Nous sommes alors là au coeur de la Chiraquie : PONS est le président de l'association des amis de Jacques Chirac et Rémi CHARDON est son ancien directeur de cabinet à la mairie de Paris, venu pantoufler à l'ATMB.
En 2000 néanmoins, GAYSSOT et JOSPIN décident de prolonger la DUP. Si ils ne l'avaient pas fait, l'A 41 ne serait jamais repartie... A l'époque, Dominique VOYNET avait refusé de co signer ce décret; mais le PS et le PC n'étaient pas encore convaincus qu'une politique des transports durable c'est le rail contre la route...
Mais le projet ne pouvait se financer : une étude sur la politique autoroutière présentait ce projet comme une liaison « d'intérêt régional », dont « 30 ans d'exploitation finançaient 10% de l'investissement ». L'élection d'une majorité de gauche au Conseil régional qui faisait campagne contre un financement régional de l'autoroute semblait interdire toute remise en route du chantier.
Pour préserver l'avenir, l'UMP faisait prolonger une seconde fois la DUP en 2004; mais il n'y avait toujours pas de sous.
Et voilà que, tout à coup, au moment où le gouvernement décide de privatiser les autoroutes, une concession est passée avec un groupement composé de l'AREA et de BOUYGUES qui s'engage à réaliser l'autoroute en 36 mois, sans financement public, et au même coût qu'en 1994...

Cherchez l'erreur !

Lors d'un conseil municipal où j'interpellais Bernard BOSSON sur le coût de réalisation inchangé, il me fit cette réponse en éclatant de rire : « La différence entre vous et moi, Monsieur BILLET, c'est que moi je crois aux miracles ».

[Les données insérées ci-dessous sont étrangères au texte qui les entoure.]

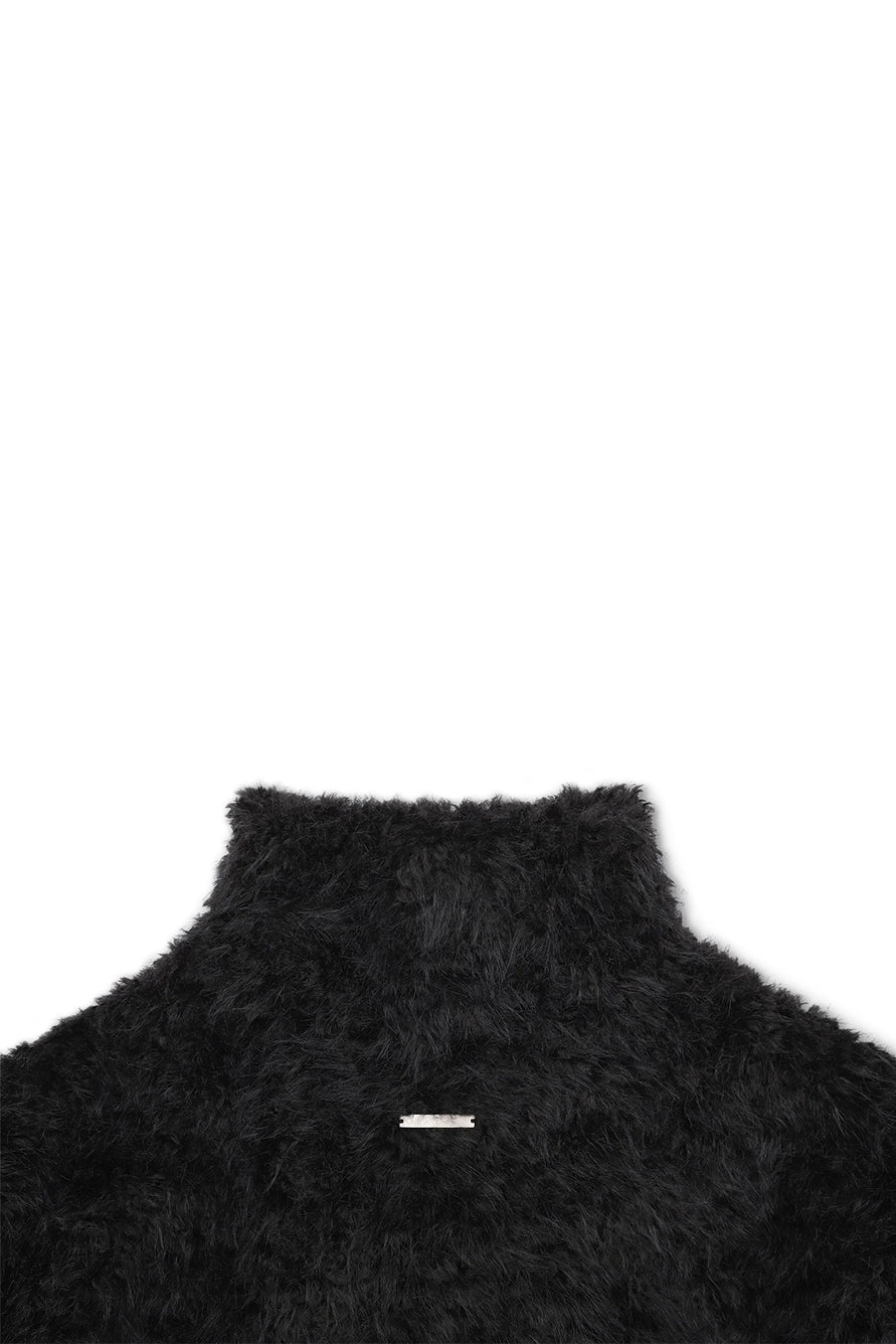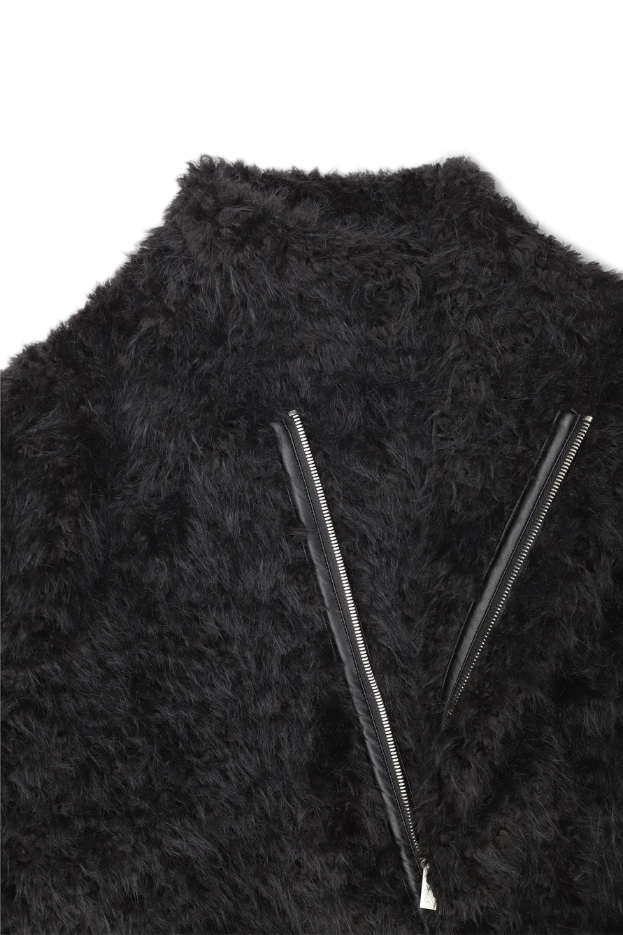 Black oversized jacket in faux fur, featuring an adjustable bottom with a drawstring. The soft lining provides added comfort, while the design includes a diagonal hidden metallic zipper, elastic waistband, and a high neckline for extra warmth.

Et effectivement il y eût miracle.

Or les miracles n'existent pas dans ce monde économique. On saura peut être un jour quelle entente a été passée, au moment du bradage des autoroutes avec les acheteurs – le plus souvent des groupes de BTP – pour que ce projet de l'autoroute la plus chère de FRANCE au kilomètre trouve preneur.. Un renvoi d'ascenseur aurait-il été organisé ? En effet, si des promoteurs privés étaient réellement intéressés, pourquoi ne s'était il rien passé de 2002 à 2006 ? Pourquoi Bernard ACCOYER insultait il les socialistes et les Verts qui ne voulaient pas financer l'autoroute, si il était si simple de trouver un concessionnaire privé ?

Ceci demeure une énigme.

Mais il y a plus grave.

Une enquête publique conduite au début des années 1990 peut elle justifier la construction d'une autoroute 15 ans plus tard ? Normalement une DUP a une validité de 5 ans : mais on permet de la renouveler sans consulter à nouveau les citoyens. Les agriculteurs auraient-ils soutenu ce projet si on les avait consultés en 2006 ? La population locale aurait elle laissé faire sans débat cette infrastructure au moment où tous souffrent de la pression foncière ?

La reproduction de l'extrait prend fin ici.